Nettetal Gesund kochen, aber lecker

Nettetal · Im Hinsbecker Jugendheim lernten junge Mütter, wie sie für ihre Kinder preiswerte und günstige Gerichte zubereiten. Für die Teilnehmerinnen waren viele Dinge noch Neuland.

 Schneiden, waschen, pürieren: In der Kochwerkstatt im Hinsbecker Jugendheim lernten die jungen Mütter, wie sie für ihre Kinder gesunde Gerichte zubereiten.

Schneiden, waschen, pürieren: In der Kochwerkstatt im Hinsbecker Jugendheim lernten die jungen Mütter, wie sie für ihre Kinder gesunde Gerichte zubereiten.

Foto: Busch

Sara schaut noch einmal kurz nach ihrem einjährigen Sohn Jadon, bevor die 19-jährige junge Mutter wieder zurück in die Küche des Hinsbecker Jugendheims geht. Dort sind neun weitere junge Mütter versammelt und dabei, ein Mittagessen vorzubereiten. Die Kinder werden gut versorgt und werden in einem Nachbarraum von Karen Langheinrich (Donum Vitae), Marie Luise Hellekamps (Streetwork Nettetal), Tamara Lischer (Suchtberatung Kreis Viersen), den beiden Hebammen Daniela Schroers und Irma Reyer sowie dem Schul-Praktikanten Andre Faßbach betreut. "Plötzlich schwanger", heißt es für rund zwei Dutzend junge Mütter unter 21 Jahren.

Die Nettetaler Streetworkerin hat mit der Gleichstellungsbeauftragten der Stadt, Vertreterinnen anderer Institutionen und den beiden Hebammen ein Netzwerk gegründet, in dem junge Mütter nicht nur Rat finden, sondern sich auch austauschen können. Neben den finanziellen Problemen wird oft auch das tägliche Kochen, gerade für ihre Babys, zur Herausforderung. Bereits zum vierten Mal hat das Netzwerk einen Kochkursus "Cooking for Kids" angeboten.

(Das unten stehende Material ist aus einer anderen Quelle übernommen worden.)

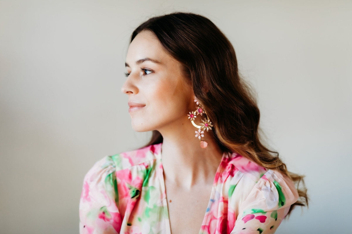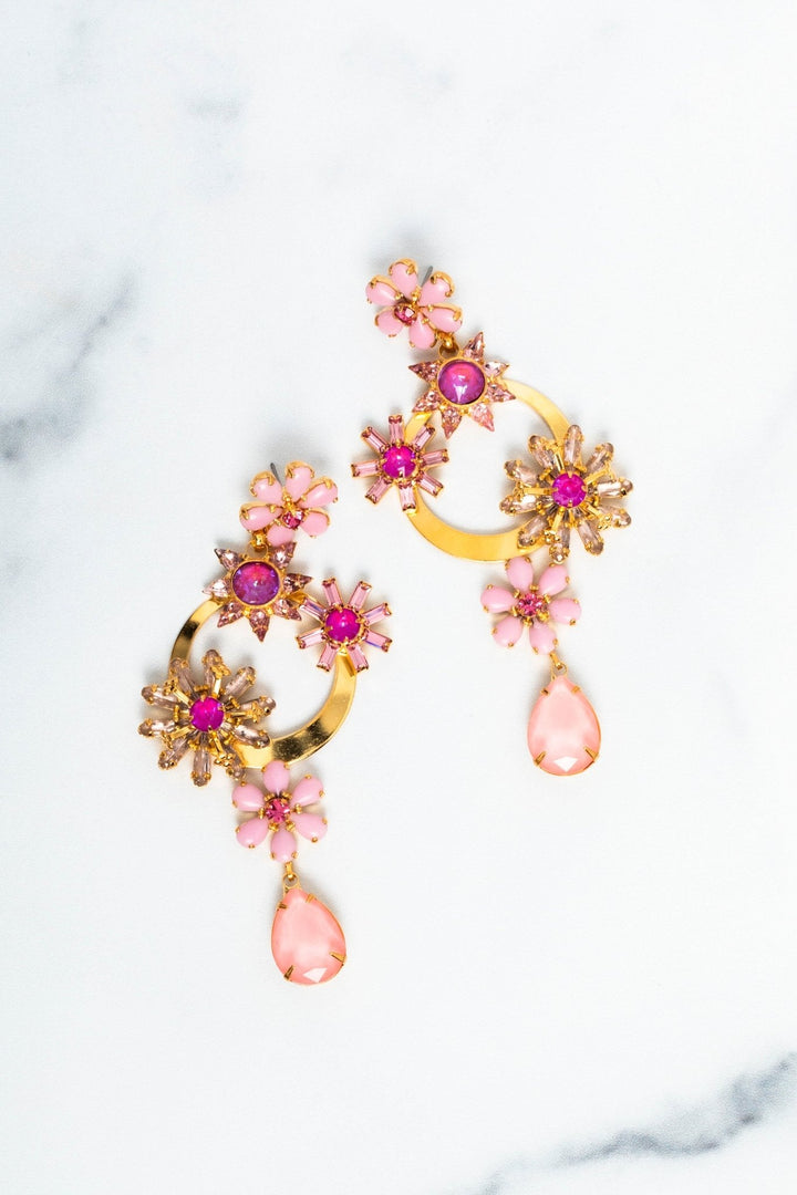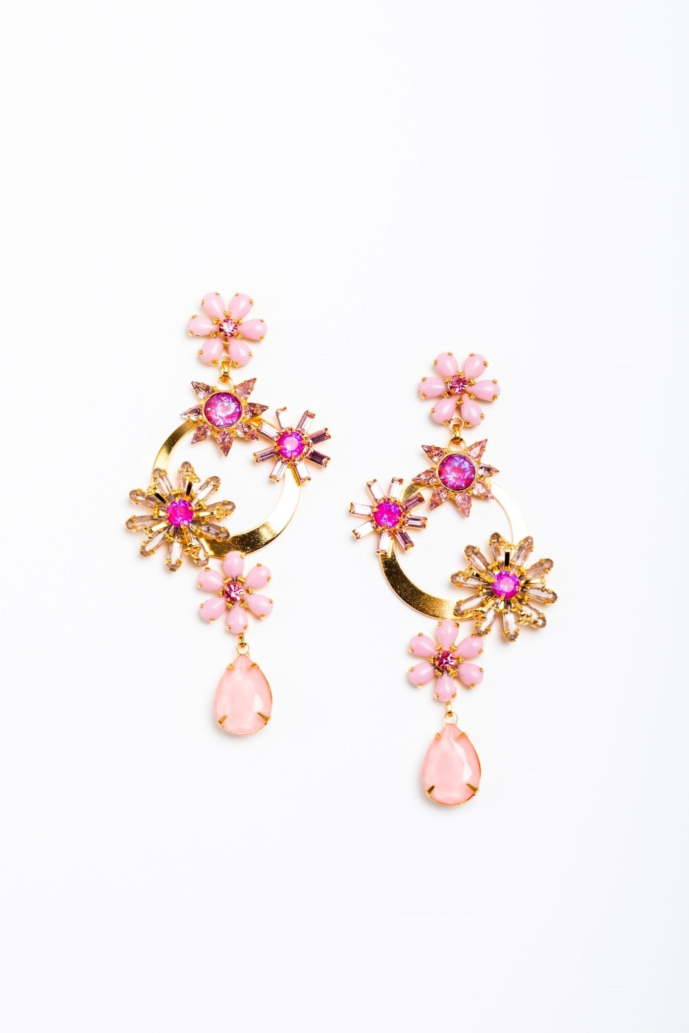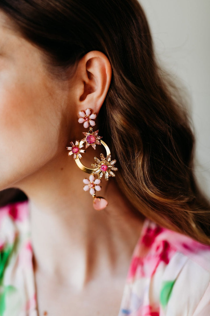 These Lotus Earrings by Elizabeth Cole offer a fresh twist on classic gold hoops, featuring front-facing hoops adorned with pale pink flowers and finished with large pale pink pears. A head-turning accessory for any occasion.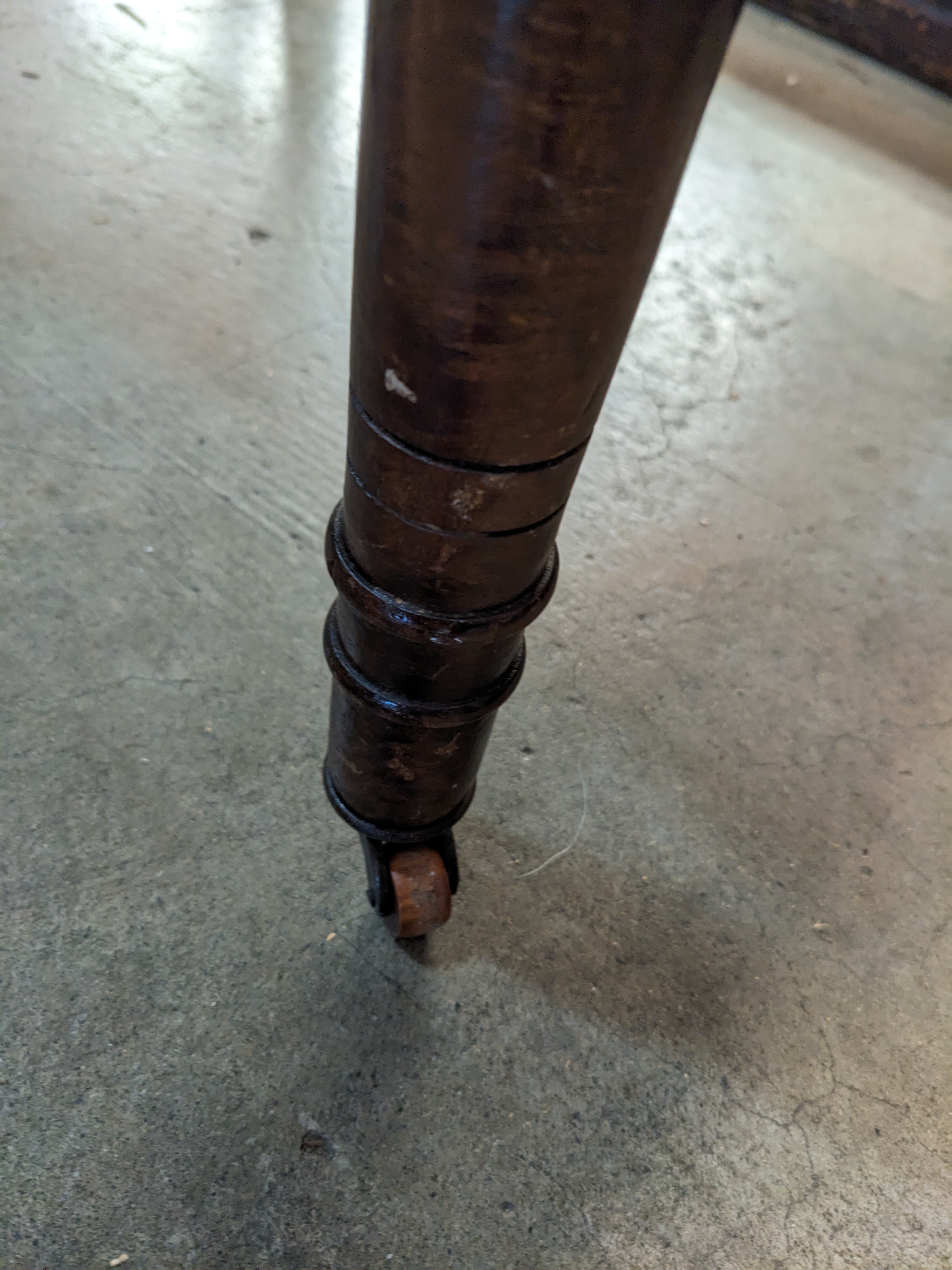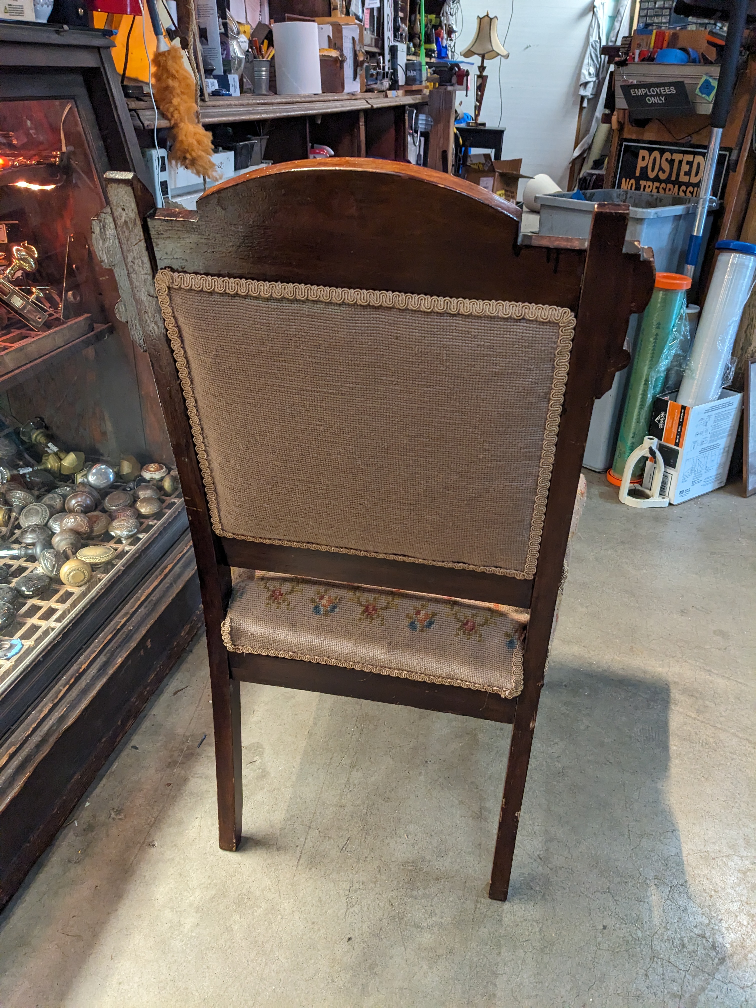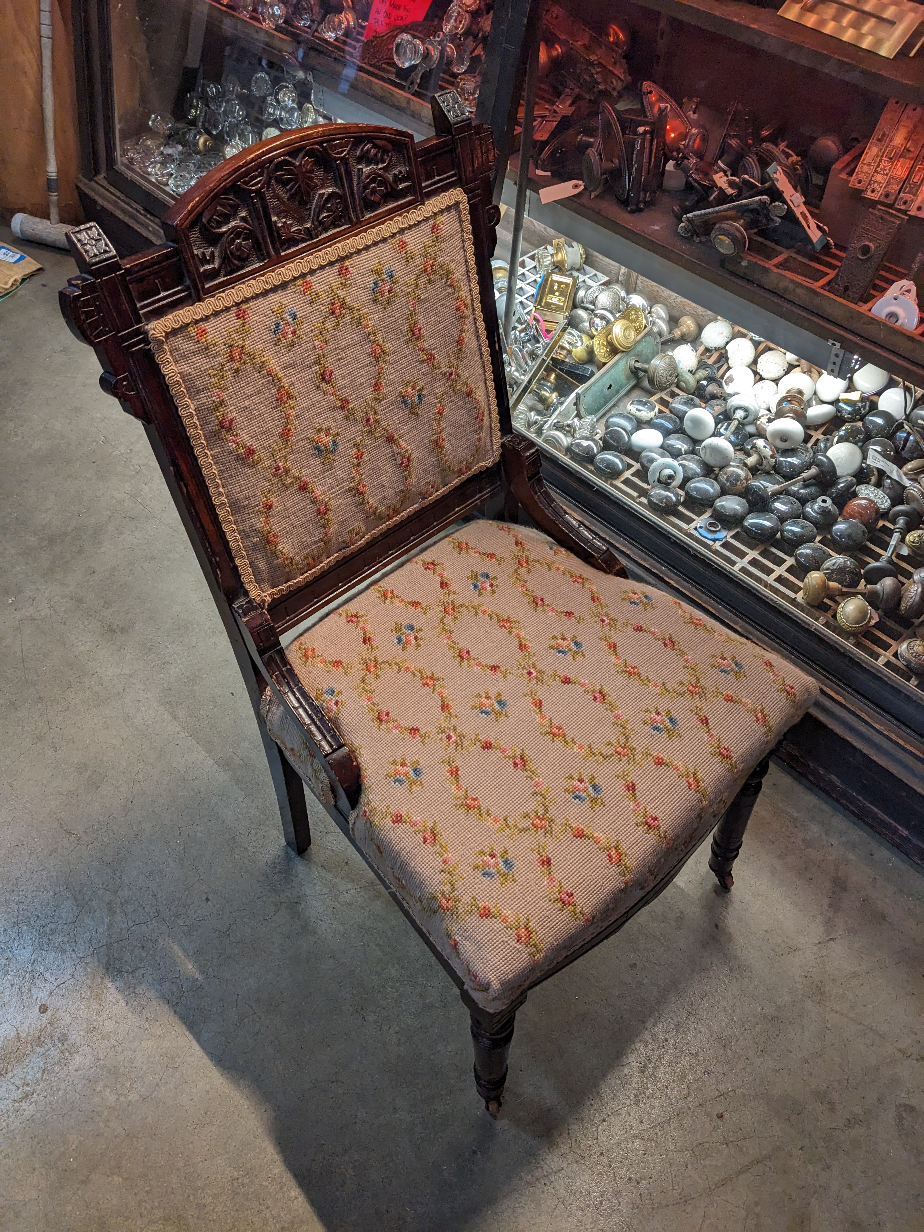 This gorgeous chair is in good condition and features and ornate carved wooden frame with a fabric needle point felted backing and cushion. It measures 19 x 36 x 17.5. The front two legs have castors.

Angebot wird gern angenommen

"Das Angebot wird immer gern von den jungen Müttern angenommen", weiß Marie Luise Hellekamps. Für die Kochkurse konnte sie die Kempener Hauwirtschafterin Martina Scholz mit ihrer mobilen Kochwerkstatt gewinnen. "Ich zeige ihnen, wie man preiswert, gesund und lecker kochen kann", so die Hauswirtschafterin. Und nebenbei lernen die jungen Mütter, ihre Erfahrungen auch lebenspraktisch umsetzen können. "Wie mache ich zum Beispiel einen Apfelkompott für mein Baby oder einen Obstbrei?", sagt Martina Scholz.

Für die jungen Mütter sind viele Gerichte noch Neuland. "Ich möchte für mein Baby keine Gläschen kaufen, die sind ja auch auf Dauer zu teuer", so die 18-jährige Jacqueline. Während sie und Lins (20 Jahre) Paprika, Äpfel und Gewürzgurken klein schneiden, sind Lisa (20), Pia (23) und Janina (17) damit beschäftigt, Oliven, Mozzarella und Schinkenstückchen auf einen Spieß zu schieben. "Das gibt die Vorspeise", sagen sie. Sara (19) und Charice (18) spülen in der Zwischenzeit die gebrauchten Sachen weg. "Die Mütter erfahren hier auch viel über Hygiene in der Küche", sagt Martina Scholz.

Die anderen Zutaten, die am großen Küchenblock vorbereitet werden, sind für den fruchtigen Reissalat gedacht. Der wird mit einer Klarsichtfolie abgedeckt und eine Stunde in den Kühlschrank gestellt. Der Erdbeerjoghurt als Nachspeise kommt natürlich auch nicht aus dem Becher, sondern wird von den jungen Müttern mit frischen Erdbeeren hergestellt. Und nach drei Stunden ist auch der Tisch gedeckt. Die Kinder haben ihren Mittagsschlaf im Nachbarraum gehalten und nehmen ausgeschlafen am gemeinsamen Mittagessen teil.